Honour, as I understand it, consists in the nice adjustment of what is due to me from my neighbours, and to them from me. Here, among the poor, where a native reserve has not grown, as a fungus upon it, a native cant, where there is no desire to seem better than one is, and no belief that one is so by seeming—here, I say, among the Tuscan poor, there is never any difficulty, for here there is no excrescence to the substantial quality of the soul, but precisely to the contrary, there is, if anything, a denudation. The fault of the Tuscans is, perhaps, a carelessness of opinion, and an ignorance of it, and, springing from that, a lack of reserve which occasionally approaches the shocking. Be this as it may, here it is possible for man to envisage man, each as he really is and can be discerned to be.
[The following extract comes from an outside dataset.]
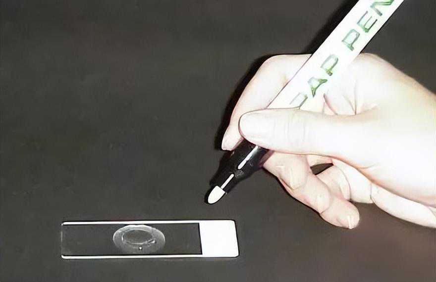 4)、画圈:切片甩干后,组化笔在组织周围画圈。

In England it is not so. Honour is an artificial, manufactured thing, depending upon accepted, volunteered relationships. What is due from me to my lord differs from that which his lordship owes to me: so in any traffic between me and my valet, or my valet and the kitchen-boy. So also it is with Religion. The Englishman dare not even strip before his God, but will bear his garter or his worsted-braid, his cocked or cockaded hat, his sword or his dung-fork up to the very sanctuary rails— lest, forsooth, by leaving them at home he should either seem so poor as to be without them, or so rich as to be able to discard them. But here, what a difference! Not only is man naked before God, but God stands naked before man. The church is their common ground; the church is their inn, and the blessed table their market ordinary. At this board, God and man, man and the saints, meet as friends. The sweetest intercourse possible on earth is not denied them. They may be gossips, God and man; they may be lovers, bosom friends. Is this not a hopeful estate for the tried and erring, naturally affectionate soul? I trow that it is.
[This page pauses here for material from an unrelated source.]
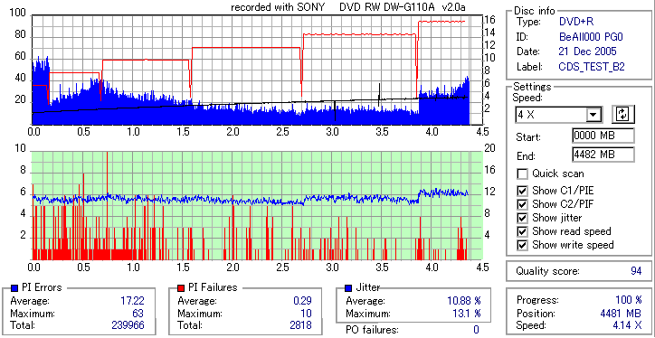 SONY DVDRW/RAM 16x/5x SuperMulti DW-G110A -DVD+R Burn Quality Test- |

And as with Honour, as with Religion, so with that child of the pair, so with Love. Boy and maid, man and woman, in this country stand as children hand in hand before their parent, who is God. Hand in hand, in seemly innocence, naked, without shame, or underthought or afterthought, they stray about the flowery meads. Their hearts are by chance enkindled, each burns, fire seeks the embrace of fire; they touch, they mingle, they soar together. Wedded love, which neither soars nor leaps like a furnace, but glows steadily with equable and radiant heat—wedded love ensues this passionate commingling. But the pair remain what they were at first, simple, naked, unashamed, unshameful, with all things displayed, even to the very aspirations of the secret soul, in blessed sympathy, in union blessed and to be blessed.

Such, I say, may be, and indeed is, the case with many honoured, wedded pairs observed by me. Such, I thank God, has been my own lot, since that day when, after long tribulation, I took Virginia into my arms and held her to my breast. But of that, and of her, I dare write no more. Judge me favourably, reader, for her sake; and so farewell.

LUCCA, October 20, 1741.

[Mr. Strelley lived, I believe, until the spring of 1759, and was buried behind the altar of San Romano. His house, now a hospital, is still intact, and may be visited by the curious, as it was by me.—M. H.]